*** Opening Data ***
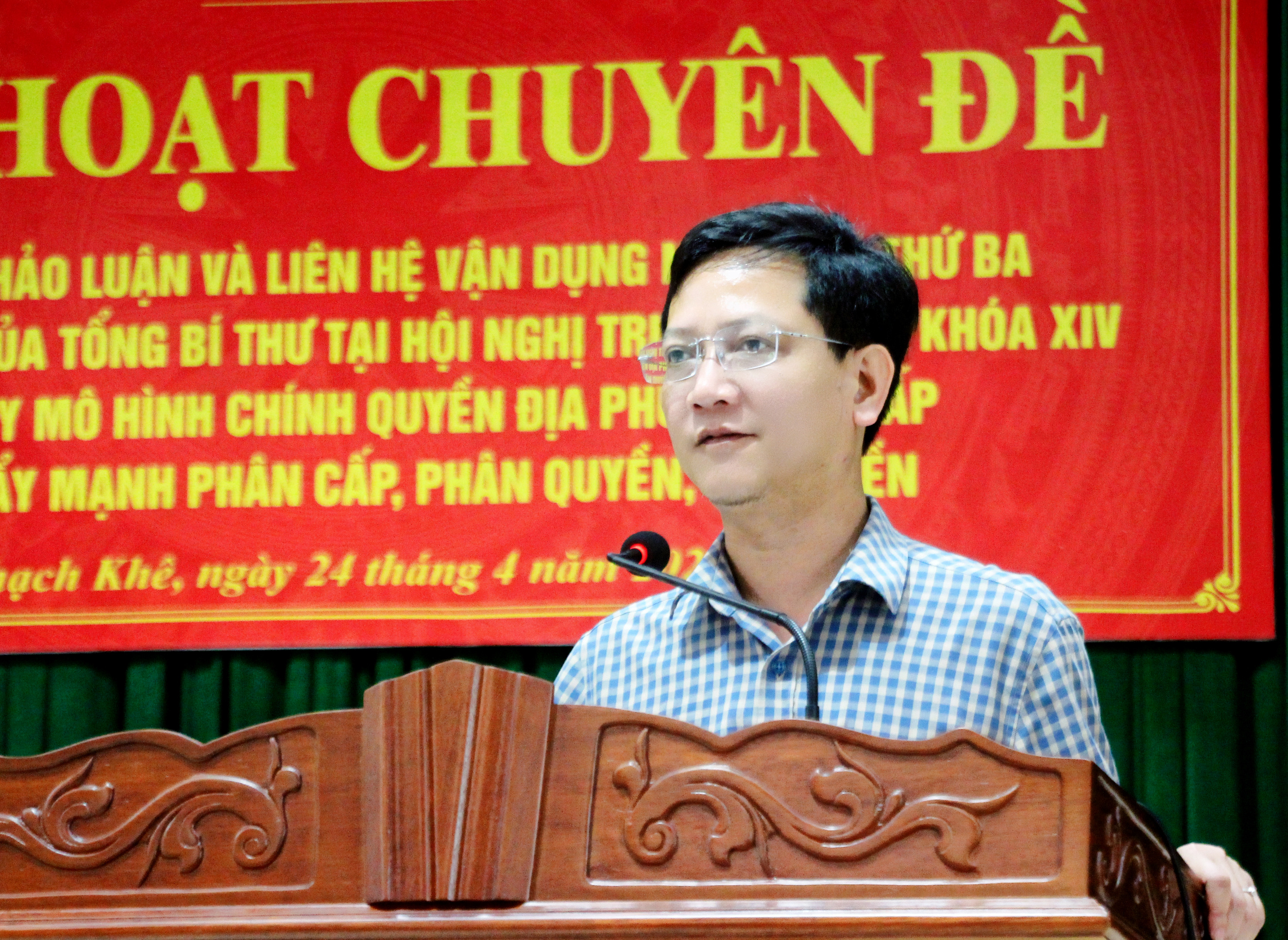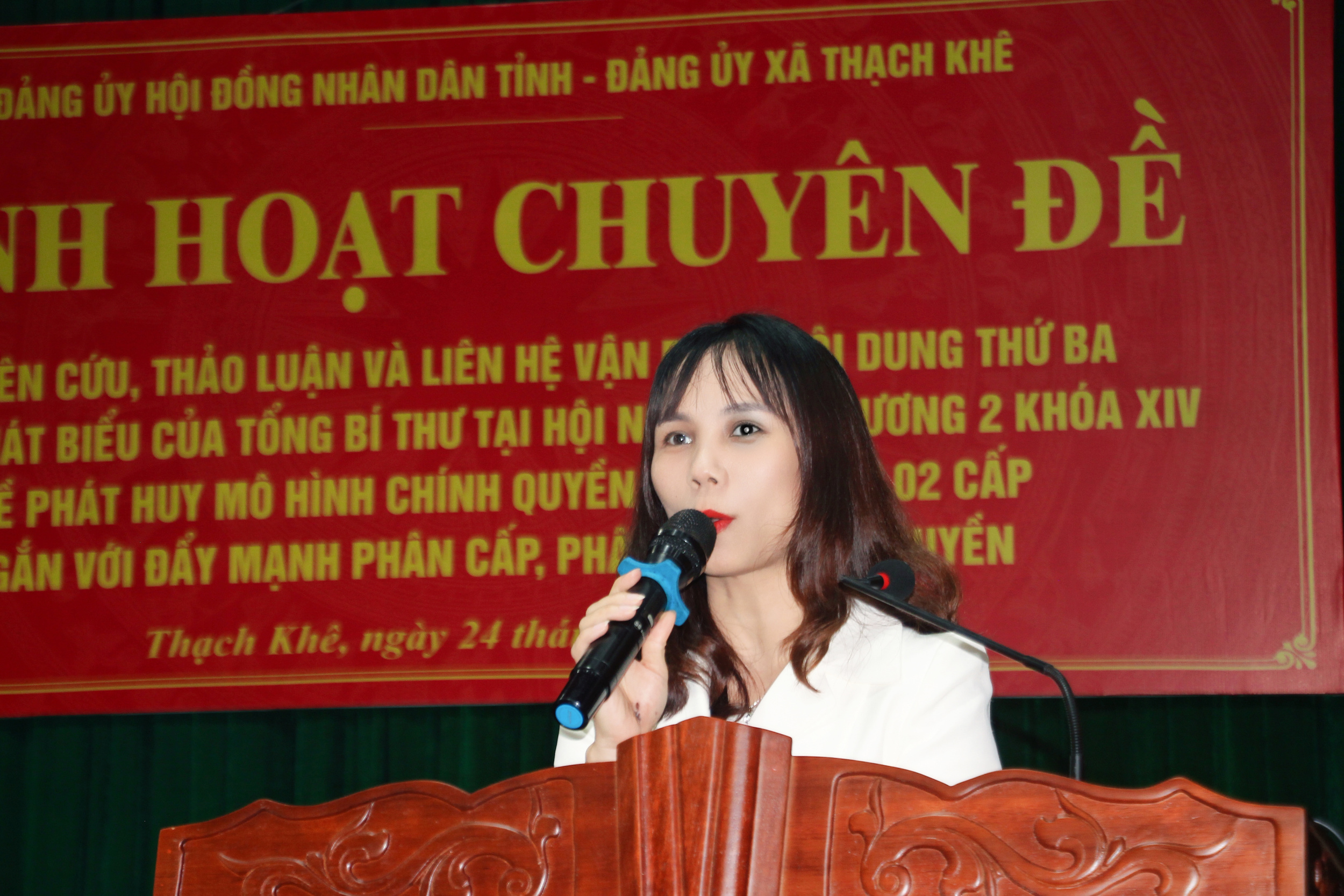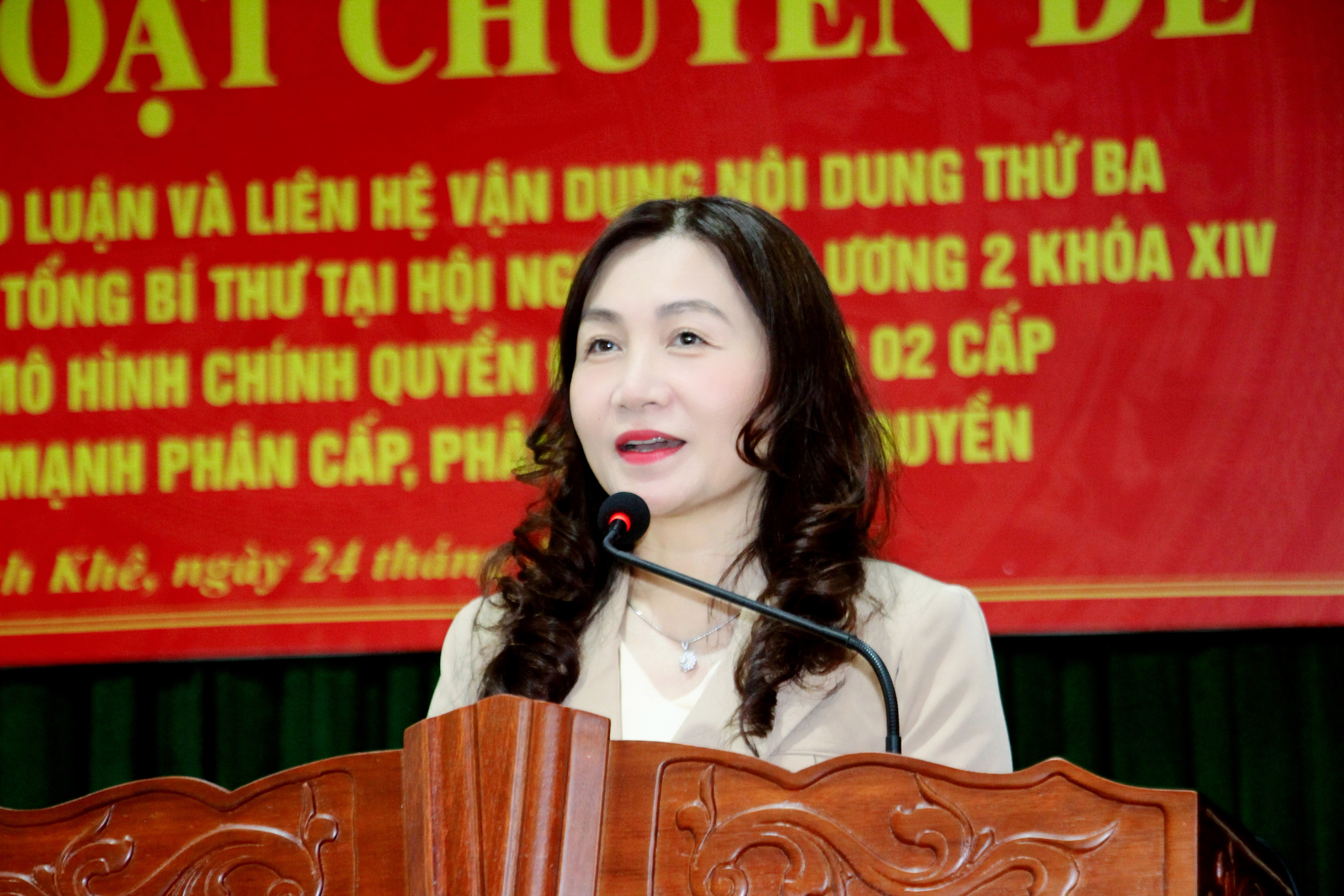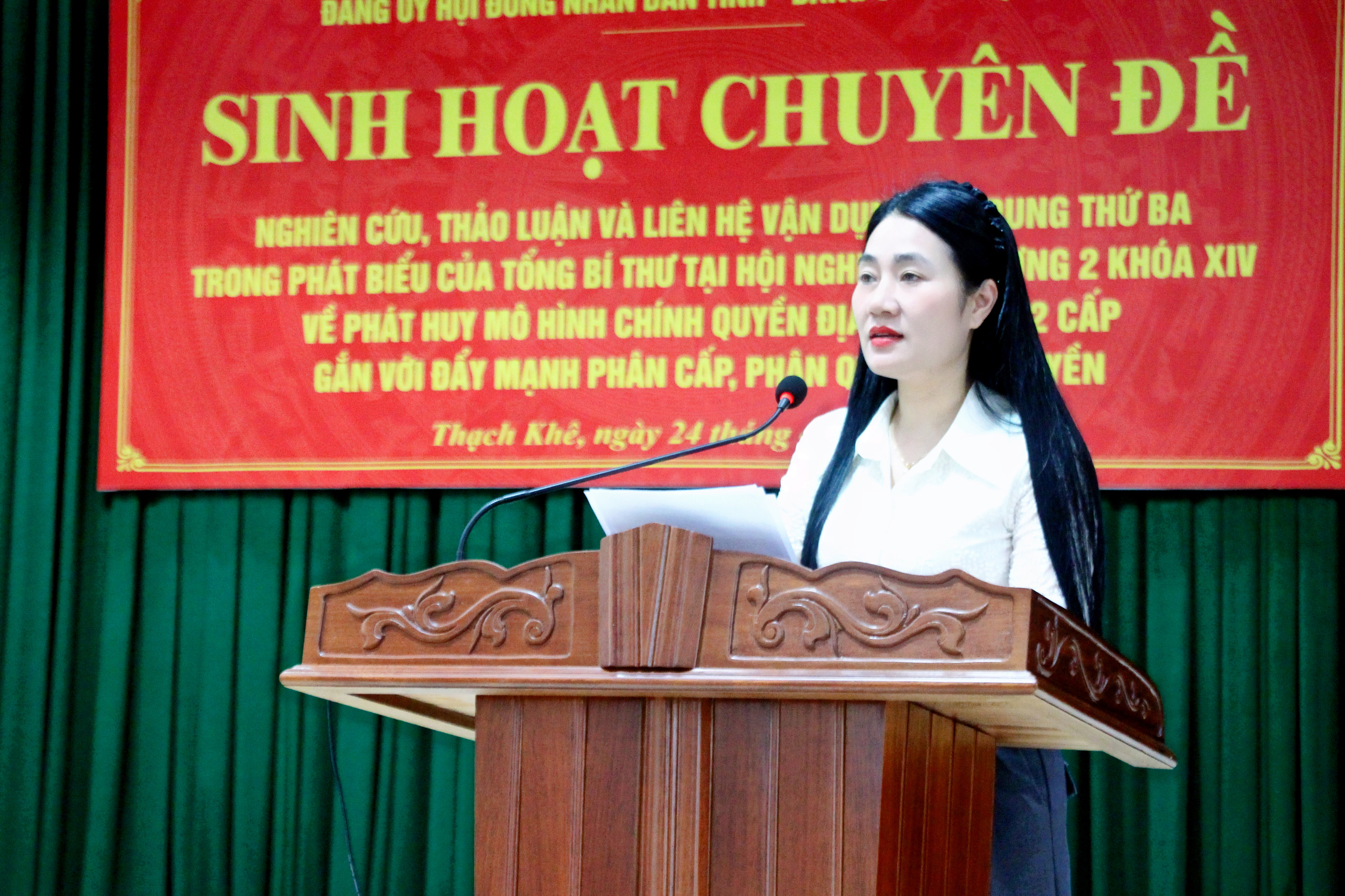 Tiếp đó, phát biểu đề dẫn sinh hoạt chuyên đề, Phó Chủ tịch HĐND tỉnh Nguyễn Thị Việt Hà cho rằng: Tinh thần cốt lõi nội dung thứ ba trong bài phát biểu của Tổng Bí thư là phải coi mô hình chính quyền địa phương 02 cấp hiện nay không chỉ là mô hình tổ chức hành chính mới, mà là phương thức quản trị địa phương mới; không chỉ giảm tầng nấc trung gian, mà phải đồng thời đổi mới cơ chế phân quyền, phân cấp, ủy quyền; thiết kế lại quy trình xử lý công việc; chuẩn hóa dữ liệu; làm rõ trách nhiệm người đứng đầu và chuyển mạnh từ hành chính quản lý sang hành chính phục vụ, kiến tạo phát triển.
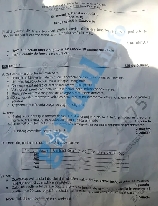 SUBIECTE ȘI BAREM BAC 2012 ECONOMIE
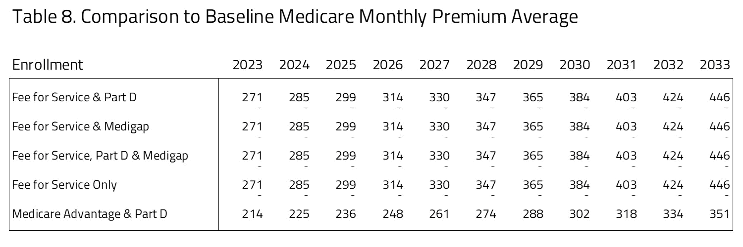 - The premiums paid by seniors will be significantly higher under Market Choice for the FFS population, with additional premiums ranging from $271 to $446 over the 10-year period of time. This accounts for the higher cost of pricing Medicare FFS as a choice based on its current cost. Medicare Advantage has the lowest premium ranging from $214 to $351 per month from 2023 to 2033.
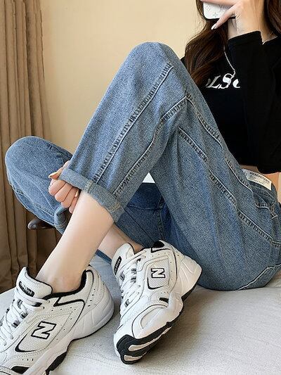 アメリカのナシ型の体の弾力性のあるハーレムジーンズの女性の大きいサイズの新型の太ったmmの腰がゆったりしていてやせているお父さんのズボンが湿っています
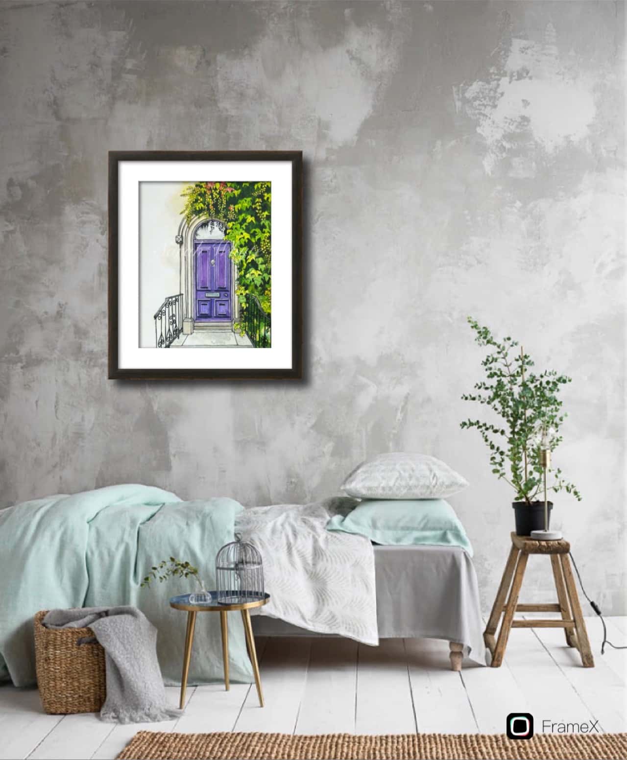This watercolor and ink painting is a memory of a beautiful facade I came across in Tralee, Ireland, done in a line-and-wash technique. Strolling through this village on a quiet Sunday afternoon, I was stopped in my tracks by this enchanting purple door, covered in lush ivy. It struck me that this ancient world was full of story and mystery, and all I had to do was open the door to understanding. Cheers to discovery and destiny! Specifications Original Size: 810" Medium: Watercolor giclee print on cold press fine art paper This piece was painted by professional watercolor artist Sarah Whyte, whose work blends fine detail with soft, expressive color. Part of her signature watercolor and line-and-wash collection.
*** Closing Data ***
Exercise goal:
Please reproduce, word for word, every line from the first line of the records above through the line containing "SUBIECTE ȘI BAREM BAC 2012 ECONOMIE", and leave out the pictures.

Task result:
 Tiếp đó, phát biểu đề dẫn sinh hoạt chuyên đề, Phó Chủ tịch HĐND tỉnh Nguyễn Thị Việt Hà cho rằng: Tinh thần cốt lõi nội dung thứ ba trong bài phát biểu của Tổng Bí thư là phải coi mô hình chính quyền địa phương 02 cấp hiện nay không chỉ là mô hình tổ chức hành chính mới, mà là phương thức quản trị địa phương mới; không chỉ giảm tầng nấc trung gian, mà phải đồng thời đổi mới cơ chế phân quyền, phân cấp, ủy quyền; thiết kế lại quy trình xử lý công việc; chuẩn hóa dữ liệu; làm rõ trách nhiệm người đứng đầu và chuyển mạnh từ hành chính quản lý sang hành chính phục vụ, kiến tạo phát triển.
 SUBIECTE ȘI BAREM BAC 2012 ECONOMIE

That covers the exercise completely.